Shape of y_test is (261,)


### **Convert Training Data to LSTM Format**

I will now be transforming our `X_train` and `X_test` variables into numpy arrays so I can put them into Long Short-Term Memory (LSTM) format. The reason I need to make this change is because the model will only take in my data if it is in that specific format. My training and testing set for X will need to be reshaped using the `.reshape()` function from numpy, which will need to indicate batch size, time steps, and the number of features in our entire model.



To further describe LSTM format, it essentially is an architecture employed in various RNNs because it is able to capture long-term dependencies in the data. This allows for the model to retain important information for longer periods of time, which I believe is crucial in a task like predicting stocks, because it requires remembering previous events to predict future events.

In [55]:
# Convert DataFrames to numpy arrays
X_train_2D = X_train.values
X_test_2D  = X_test.values

# Obtain number of timesteps and feature count based on shape of DataFrame
timesteps_train, num_features_train = X_train.shape
timesteps_test, num_features_test   = X_test.shape

print(f"The shape of X_train is {X_train.shape}\nThe shape of X_test is {X_test.shape}")

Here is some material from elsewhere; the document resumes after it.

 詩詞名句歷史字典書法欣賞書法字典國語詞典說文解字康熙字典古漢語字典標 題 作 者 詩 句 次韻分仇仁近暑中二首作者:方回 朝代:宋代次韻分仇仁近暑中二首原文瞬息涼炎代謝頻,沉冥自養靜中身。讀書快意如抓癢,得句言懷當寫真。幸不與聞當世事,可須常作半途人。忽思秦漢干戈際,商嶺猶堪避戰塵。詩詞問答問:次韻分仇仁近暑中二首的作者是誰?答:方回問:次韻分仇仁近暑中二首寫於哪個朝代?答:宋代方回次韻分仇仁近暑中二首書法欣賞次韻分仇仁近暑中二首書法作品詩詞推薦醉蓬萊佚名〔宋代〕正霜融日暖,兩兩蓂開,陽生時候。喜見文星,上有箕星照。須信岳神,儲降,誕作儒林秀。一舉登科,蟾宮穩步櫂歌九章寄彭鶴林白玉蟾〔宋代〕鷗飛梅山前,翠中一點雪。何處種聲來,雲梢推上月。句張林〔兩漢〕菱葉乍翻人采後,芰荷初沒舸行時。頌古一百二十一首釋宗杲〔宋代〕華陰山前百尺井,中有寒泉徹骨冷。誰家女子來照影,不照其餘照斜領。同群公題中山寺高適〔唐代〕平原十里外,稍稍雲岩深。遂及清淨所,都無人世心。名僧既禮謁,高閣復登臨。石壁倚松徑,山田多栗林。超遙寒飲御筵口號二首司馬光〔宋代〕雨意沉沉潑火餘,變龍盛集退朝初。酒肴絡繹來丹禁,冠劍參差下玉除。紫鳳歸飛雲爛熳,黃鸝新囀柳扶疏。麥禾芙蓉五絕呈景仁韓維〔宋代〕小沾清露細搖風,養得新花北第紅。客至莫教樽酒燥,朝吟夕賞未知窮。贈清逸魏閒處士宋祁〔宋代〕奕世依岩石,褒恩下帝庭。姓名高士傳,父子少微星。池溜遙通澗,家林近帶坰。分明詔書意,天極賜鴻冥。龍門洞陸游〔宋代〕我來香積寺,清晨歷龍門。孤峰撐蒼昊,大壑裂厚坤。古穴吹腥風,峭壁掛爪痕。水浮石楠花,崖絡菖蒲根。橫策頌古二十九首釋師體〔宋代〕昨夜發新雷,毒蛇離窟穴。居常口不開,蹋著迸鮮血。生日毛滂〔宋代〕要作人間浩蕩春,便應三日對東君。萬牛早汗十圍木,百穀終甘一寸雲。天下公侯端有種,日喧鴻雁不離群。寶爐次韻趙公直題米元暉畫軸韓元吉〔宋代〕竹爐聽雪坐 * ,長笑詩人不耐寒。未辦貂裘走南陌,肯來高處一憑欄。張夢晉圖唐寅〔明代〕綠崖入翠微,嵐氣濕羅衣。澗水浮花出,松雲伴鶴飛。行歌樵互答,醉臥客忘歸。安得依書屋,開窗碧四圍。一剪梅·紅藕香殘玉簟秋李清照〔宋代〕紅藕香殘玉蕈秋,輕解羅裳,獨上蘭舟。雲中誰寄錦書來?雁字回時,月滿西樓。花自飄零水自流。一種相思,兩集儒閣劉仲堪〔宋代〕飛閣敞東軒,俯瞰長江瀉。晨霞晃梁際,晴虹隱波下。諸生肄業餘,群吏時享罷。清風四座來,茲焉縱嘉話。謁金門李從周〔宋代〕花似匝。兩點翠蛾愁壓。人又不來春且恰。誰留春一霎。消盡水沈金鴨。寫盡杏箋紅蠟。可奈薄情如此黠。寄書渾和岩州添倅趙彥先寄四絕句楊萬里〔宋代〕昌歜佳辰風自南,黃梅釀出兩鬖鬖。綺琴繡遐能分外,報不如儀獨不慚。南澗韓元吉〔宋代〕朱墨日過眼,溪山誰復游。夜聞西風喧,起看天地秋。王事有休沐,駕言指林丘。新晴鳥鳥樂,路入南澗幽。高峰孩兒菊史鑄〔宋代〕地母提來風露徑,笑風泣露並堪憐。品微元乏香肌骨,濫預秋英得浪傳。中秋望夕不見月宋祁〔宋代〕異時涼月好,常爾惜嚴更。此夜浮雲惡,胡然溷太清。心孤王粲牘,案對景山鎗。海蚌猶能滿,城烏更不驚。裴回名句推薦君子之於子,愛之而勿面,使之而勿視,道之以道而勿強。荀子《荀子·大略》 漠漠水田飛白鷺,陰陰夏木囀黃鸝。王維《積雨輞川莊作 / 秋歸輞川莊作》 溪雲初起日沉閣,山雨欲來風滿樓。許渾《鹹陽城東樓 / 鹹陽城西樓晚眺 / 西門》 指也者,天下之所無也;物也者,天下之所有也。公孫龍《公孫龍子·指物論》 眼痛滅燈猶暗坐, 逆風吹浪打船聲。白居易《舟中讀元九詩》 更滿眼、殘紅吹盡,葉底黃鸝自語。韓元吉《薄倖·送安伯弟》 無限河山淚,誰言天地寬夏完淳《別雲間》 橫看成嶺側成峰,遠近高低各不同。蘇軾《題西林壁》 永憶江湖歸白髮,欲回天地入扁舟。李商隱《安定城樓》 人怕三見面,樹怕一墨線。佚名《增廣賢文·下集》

# Reshape the 2D array into a 3D array
X_train_3D = np.reshape(X_train_2D, (1, timesteps_train, num_features_train))
X_test_3D  = np.reshape(X_test_2D, (1, timesteps_test, num_features_test))

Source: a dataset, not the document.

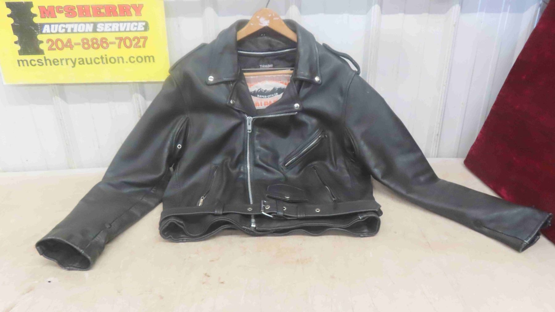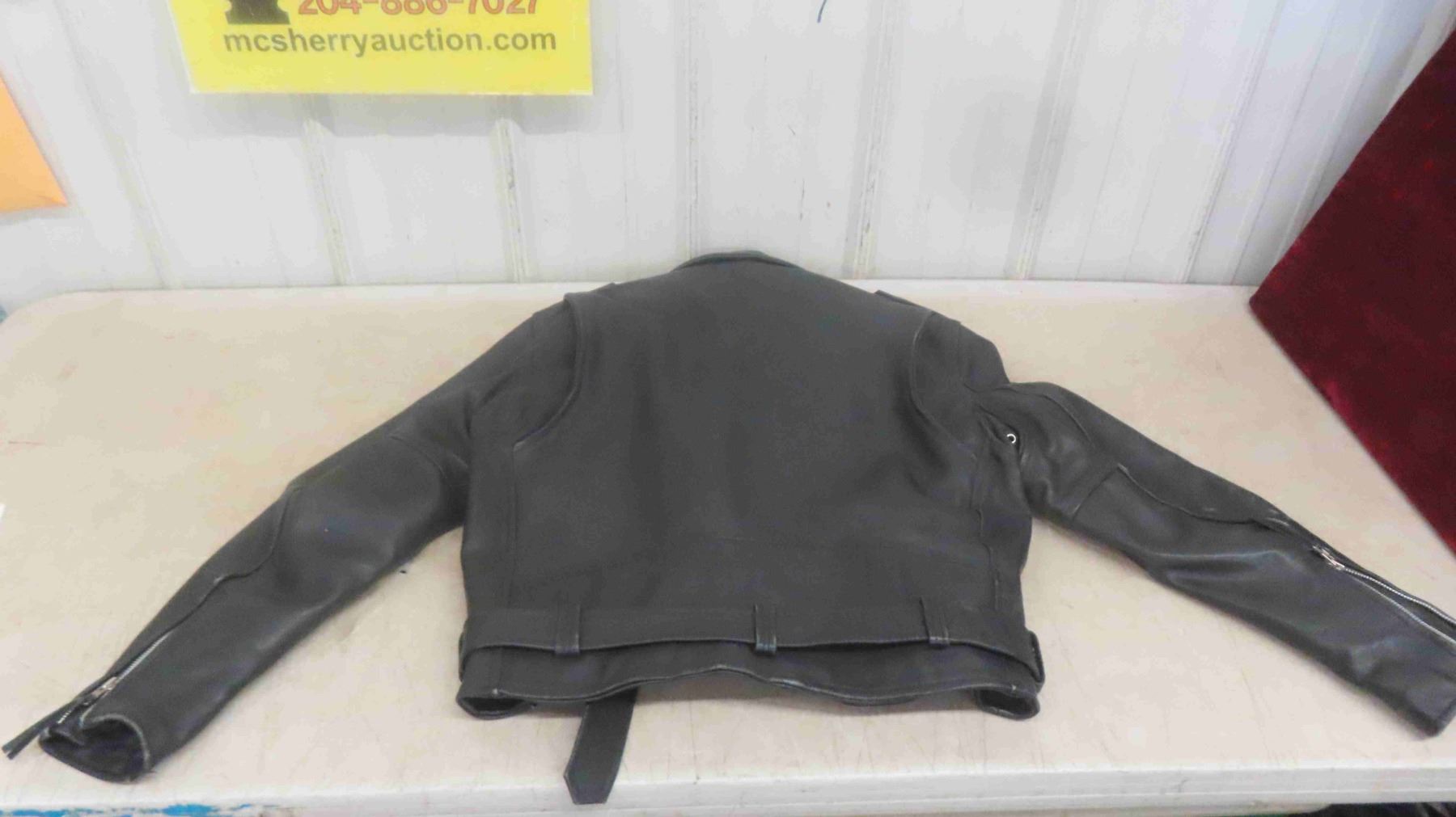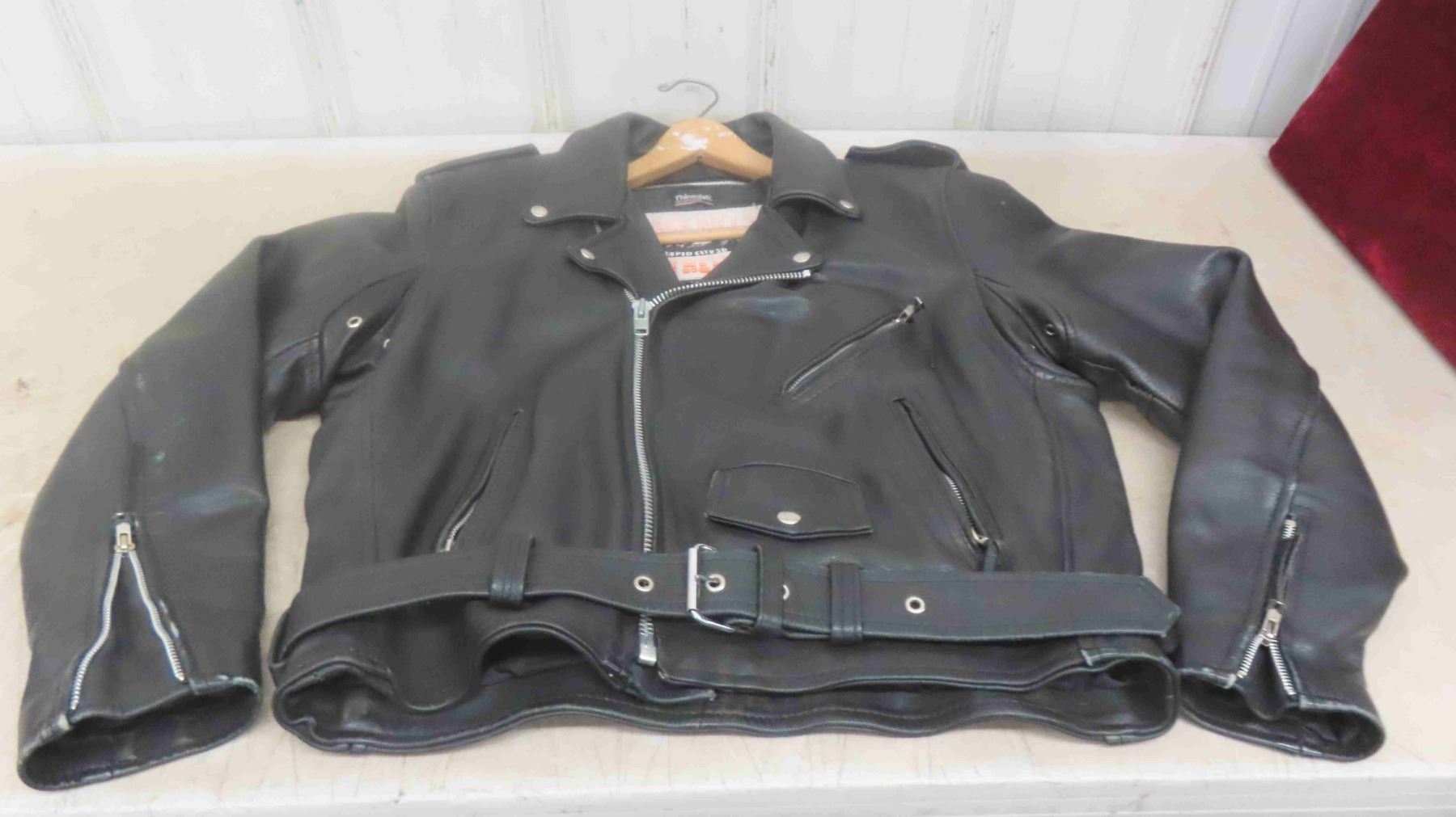 Black Leather Motorcycle Jacket Size 44

The shape of X_train is (4956, 9)
The shape of X_test is (261, 9)


This time around, I will predict it using only a batch_size of 1 and timesteps_train and timesteps_test as the exact number of dates in each X dataset. This batch size may lead to problems with my model because it does not check up on the values again and is almost as if we don't incorporate LSTM in the first place.